The speed with which the epidemic spread, however, was matched by the rapidity of the response within the scientific community. To a large extent, says Alessandro Vespignani, PhD, a computational modeler at Northeastern University, that lightning-fast reaction reflects years of hard work and investment in computational modeling (including such initiatives as MIDAS—Models of Infectious Disease Agents, an NIH-funded network of computational modelers), as well as grim experience with the H1N1 pandemic and the West African Ebola epidemic. A growing willingness to share results as quickly as possible through channels like bioRxiv (biorxiv.org), a website where scientists post papers before they have been published in peer-reviewed journals, also meant that modelers and researchers could more speedily adapt their computational tools as new information became available.
Alex Perkins, PhD, a researcher at the University of Notre Dame who studies the dynamics of infectious disease transmission and control, was one of the first modelers to swing into action. His goal: to try to quickly predict the course of the Zika epidemic and the likely number of victims both at home and abroad—information that governments and public health officials could use to plan interventions.
Perkins had for some time been contemplating the problem of integrating disease data collected at different scales. On the one hand, richly detailed local data related to such things as population and climate helps researchers understand factors affecting disease transmission. On the other hand, case reports—i.e., the number of suspected and confirmed cases tallied by hospitals—tend to be collected at the state- or country-wide level.
What, Perkins wondered, might be accomplished if the first bucket of data could be related to the second? And how could scientists predict the course of an epidemic before significant amounts of case data had begun to accumulate? Could they perhaps anticipate the total number of people who might be affected in particular geographic locales while early interventions could still have the greatest possible impact?
Zika offered both urgent and fertile ground for exploring all of those questions.
Unlike diseases such as Ebola or influenza, which are passed directly from person to person, Zika is a vector-borne disease that is primarily transmitted through the bite of the Aedes aegypti mosquito, an insect that thrives in the tropics and whose range and numbers are closely determined by climate. It can also be transmitted sexually, and by another species of mosquito called Ae. albopictus.
This makes Zika difficult to model, since there is more than one infected species to deal with and the chain of transmission is complicated (uninfected mosquitoes bite infected people, acquire the virus, then transmit it to uninfected people). But it does provide an opportunity to incorporate finely grained demographic and climate data, including details such as local population and birthrate; average daily temperatures, which govern where and how long the mosquitoes can live and, therefore, how many people they can infect; and even income levels. (Affluent people enjoy air conditioning and window screens, which reduce exposure to mosquitoes. Poor people do not, and are therefore at greater risk.)
In addition, while it was first identified more than 60 years ago, Zika remained for most of that time a neglected tropical disease by reason of its mild symptoms (low fever, rash) and lack of known complications. Consequently, when the World Health Organization (WHO) declared a global public health emergency, the scientific community confronted a disease about which it knew remarkably little. Like many, Perkins therefore had to rely on data that had already been collected for other mosquito-borne diseases such as dengue and chikungunya.

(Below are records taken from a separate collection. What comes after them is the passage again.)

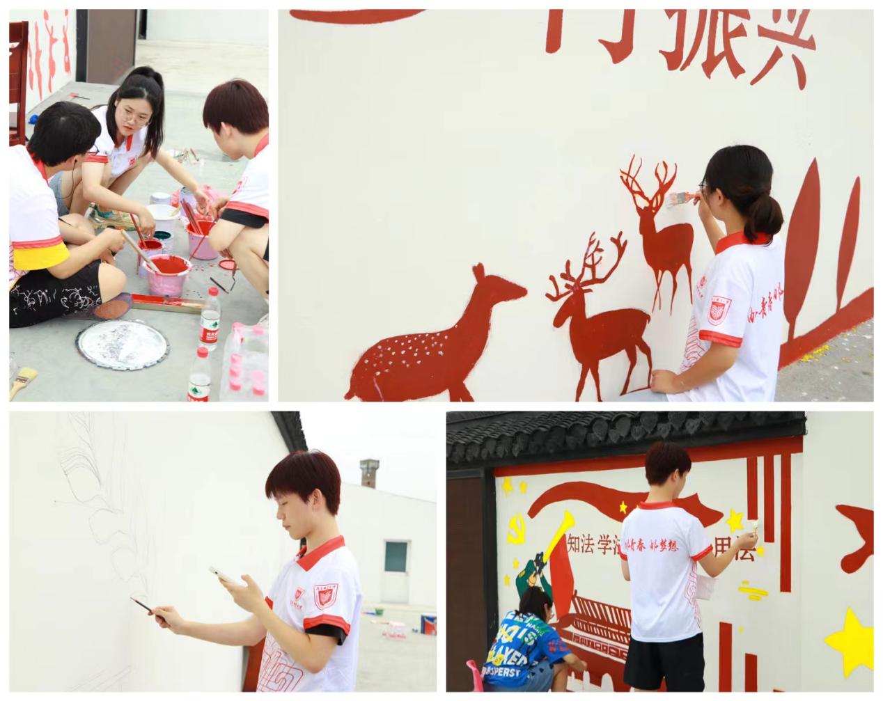 乡村美化组的团员们不惧高温酷暑,日夜赶工。每天早上召开成员碰头会后,他们便奔赴工作现场,有的准备画材、调色,有的构图起形、勾线上色。大家各负其责,团结协作,用智慧和创意精心装点顾陶村文化大舞台。伴随着他们手中笔刷的轻轻涂抹,“硕果丰收、美丽乡村”的形象跃然墙上,原本单一乏味的陈旧白墙顿时有了活力,变身成顾陶村综合服务中心一道靓丽的风景。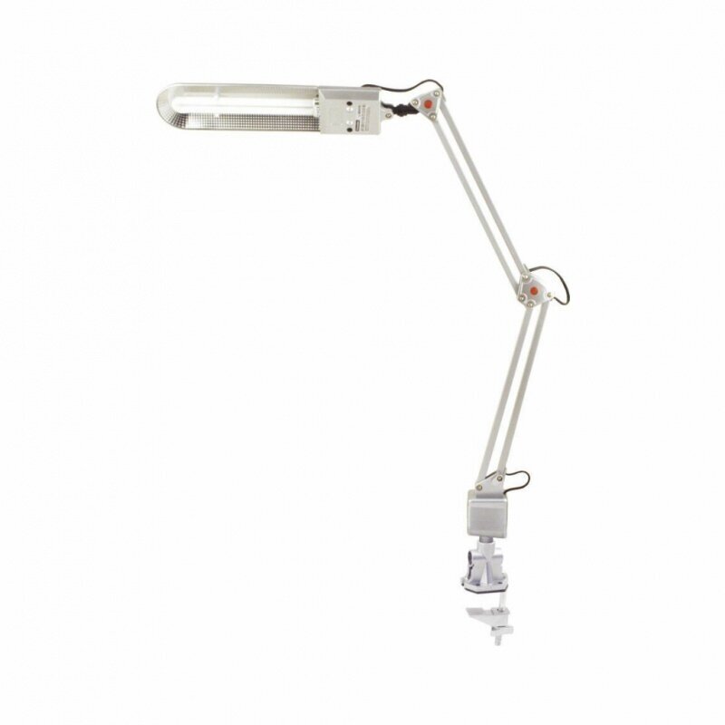 | Плюсы: | Хорошее крепление к столу, подвижность лампы |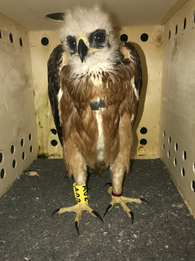 El pollo de águila de Bonelli nacido en el centro de GREFA, a la llegada a la zona de reintroducción de Cerdeña |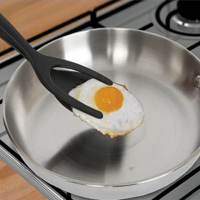 2 In 1 Grip And Flip Tongs Egg Spatula Tongs Clamp Pancake Fried Egg French Toast Omelet Overturned Kitchen Accessories

Dengue is a member of the same family of viruses as Zika, and all three illnesses are transmitted by Ae. aegypti. So Perkins used some of the basic transmission parameters that had already been established for dengue, and looked to a series of previous chikungunya epidemics to get an idea of the total number of people who might be infected. He then used that information, along with mosquito distribution maps and the aforementioned local data, to build a model that could capture the intersection between where people lived, where the mosquitoes were likely to be, and where the conditions were most suitable for transmission—a model that could project the number of infections among the general population, and among pregnant women in particular, across Latin America and the Caribbean, at a resolution of 5km by 5km.
Perkins is quick to note that his model is static rather than dynamic, and therefore estimates only how many people could become infected and not how long that might take. (A less geographically precise dynamic model developed by Neil Ferguson, PhD, at Imperial College London does provide such a timeline, predicting, for example, that the current epidemic will burn itself out within three years.) Moreover, it works best at the level of cities, but probably overestimates the total count at the country-wide level.

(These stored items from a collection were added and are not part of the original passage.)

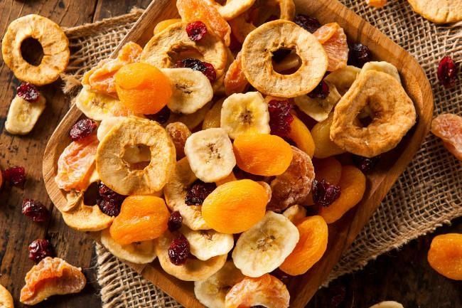 Grapes or prunes, dried apricots, dates, figs or dried tomatoes and a variety of fruits that have been dehydrated not only concentrate their energy intake but also it does not exceed 300 Kcal per 100 grams, but they also have the good ability to concentrate nutrients and have a high fiber content, which makes them an excellent food to reverse or prevent constipation and promote intestinal function. They also constitute one good source of potassium and B complex vitamins, as well as vitamin E and others antioxidants, so they are an ideal food for athletes looking to recover after intense effort and are also appropriate fruits for those who have high blood pressure, given their low sodium content and their richness in other micronutrients.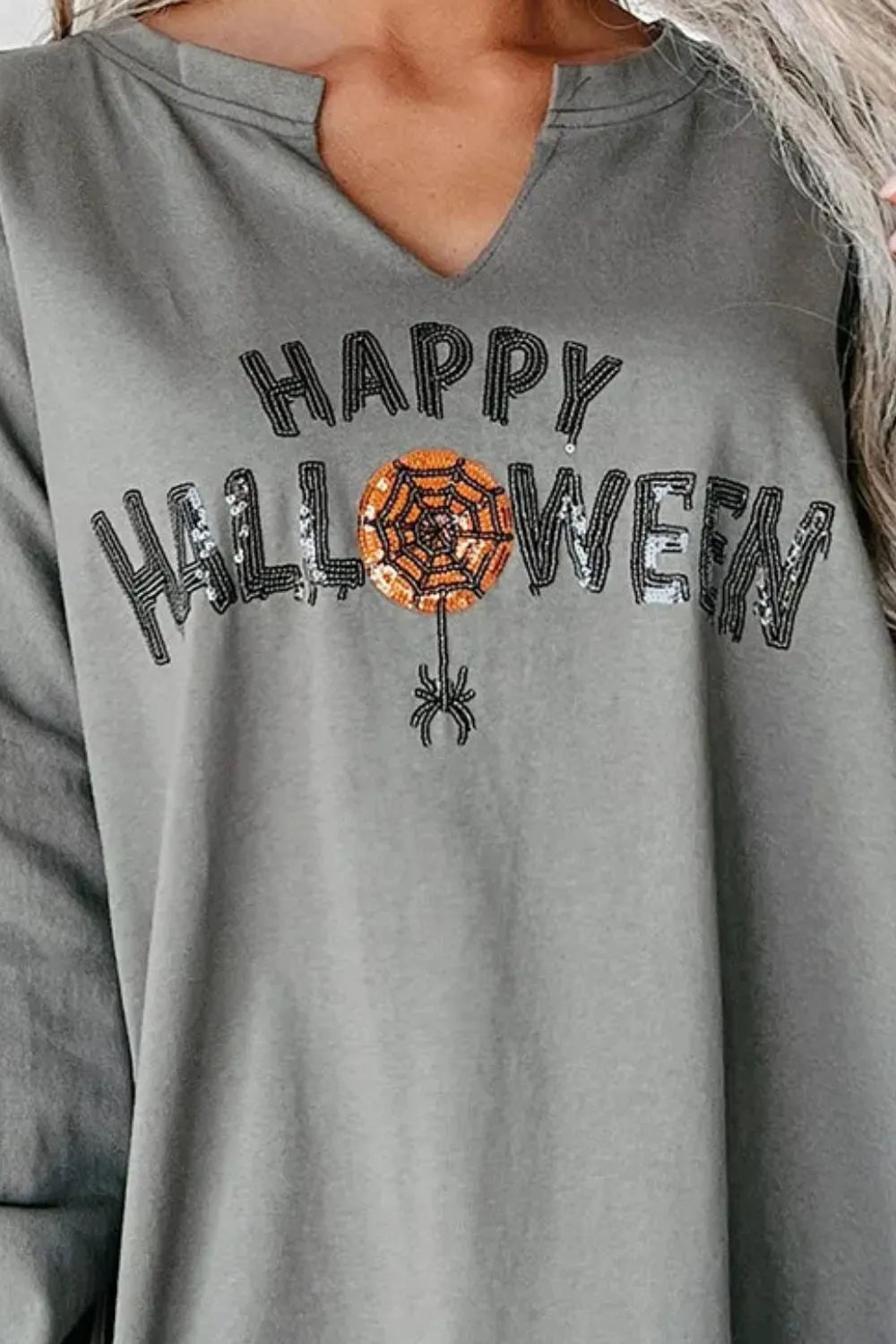 Sequin Letter Graphic Notched Long Sleeve Sweatshirt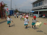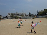 3・4歳児の子どもたちは、お家の方と一緒に鯉のぼりを作りました。早速、お隣の小学校の運動場で矢車に付けた鯉のぼりを風になびかせて遊びました。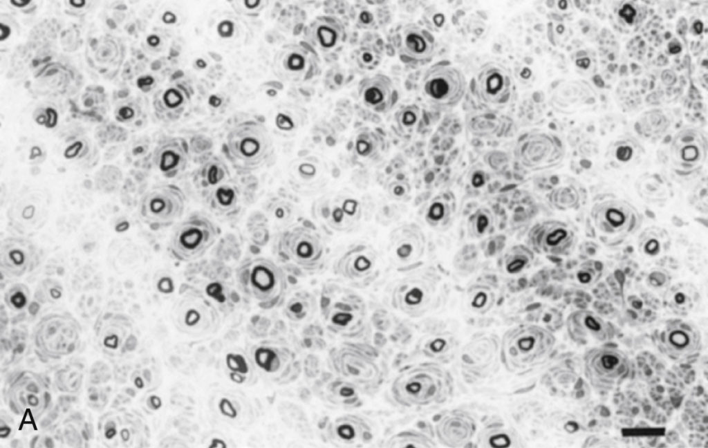 - Wallerian axonal degeneration with intact myelin sheath.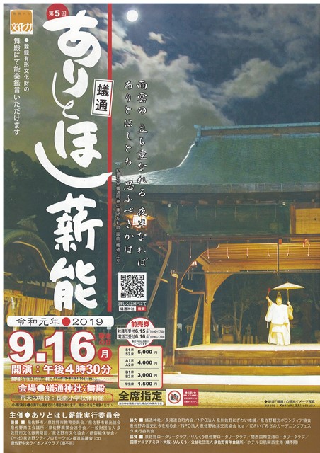 に行く。カミサンの同僚 から誘われたもので、ちょうど子供2人も帰ってくるのに重なったので、追加で2名のチケットも押さえ、でかけたもの。昔、院演習で日根野に行ったとき、立ち寄った。16時半開園。実行委員長についで、泉佐野市長のあいさつ(最後まで鑑賞していました)。世阿弥の確実な作に「蟻通」というのがあり、和歌山に赴こうとした紀貫之の話。狂言をはさんで、後半は「乱」というものでした。16時半だとまだ明るかったが、後半には暮れる。いちおう、ひととおりのセリフを文字にしたものの配られていた。そのまま聞いていても、半分はわからない。音は明瞭でも、言葉が古く、なかなかたどれませんね。でも、能というのも楽しめます。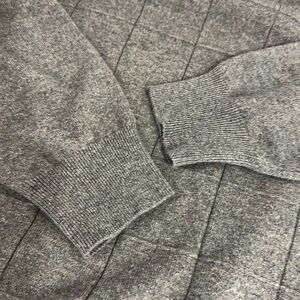 This is a men’s cashmere sweater in a rich brown color. It features a classic crew neckline and long sleeves with ribbed cuffs. The design includes a subtle vertical panel and grid-like knit pattern down the front, giving it texture and structure. The hem is ribbed for a comfortable fit, making it a timeless and versatile piece perfect for layering or wearing on its own
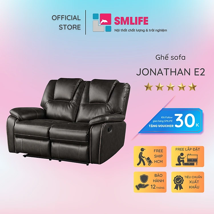 Ghế sofa đôi ngã lưng thư giãn bằng điện sang trọng SMLIFE Jonathan E2 | D157 x R96 x C99cm | nâng hạ lưng ghế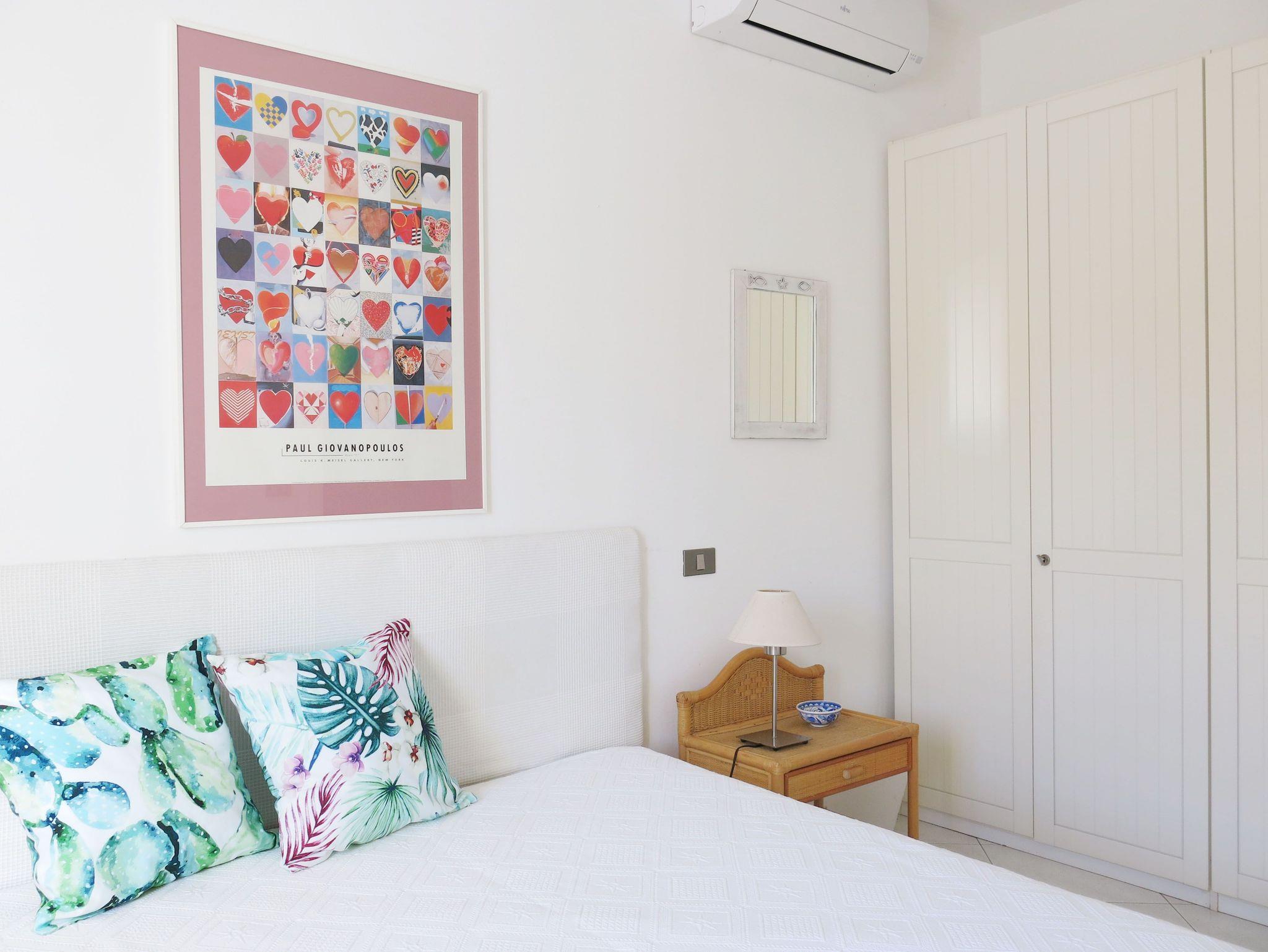 • Ein Schlafzimmer mit einem Doppelbett und Klimaanlage

Even with those caveats in mind, the numbers are eye-popping: Perkins’ model, which he first described in a paper posted to bioRxiv less than two weeks after the WHO declared a public health emergency, predicts that 93.4 million people, including 1.65 million childbearing women, could be infected before the first wave of the epidemic comes to an end.

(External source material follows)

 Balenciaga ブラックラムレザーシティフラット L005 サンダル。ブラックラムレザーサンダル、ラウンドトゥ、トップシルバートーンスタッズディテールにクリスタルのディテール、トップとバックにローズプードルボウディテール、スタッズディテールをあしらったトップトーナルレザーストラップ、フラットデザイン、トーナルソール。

Adventures in the Fourth Dimension
Perkins himself says that the dynamic model developed by Vespignani at Northeastern offers the best of both worlds: geographically specific estimates of how many people could be infected, and at what speed.
Ironically, when the NIH-funded Center for Inference and Dynamics of Infectious Diseases initially invited Vespignani, who has previously modeled Ebola and the H1N1 virus, to try his hand at Zika, his first reaction was an emphatic no. The reason: He didn’t want to have to deal with the mosquitoes.
Vespignani and his colleagues simulate the spread of epidemics across time and space using the Global Epidemic and Mobility Model (GLEAM), a stochastic modeling platform that randomly moves simulated populations of individuals through a series of epidemiological states (susceptible, infected, recovered), generating ensembles of possible scenarios from which the most likely future path of an epidemic can be estimated. It even takes into account the way people travel from place to place, spreading disease as they go.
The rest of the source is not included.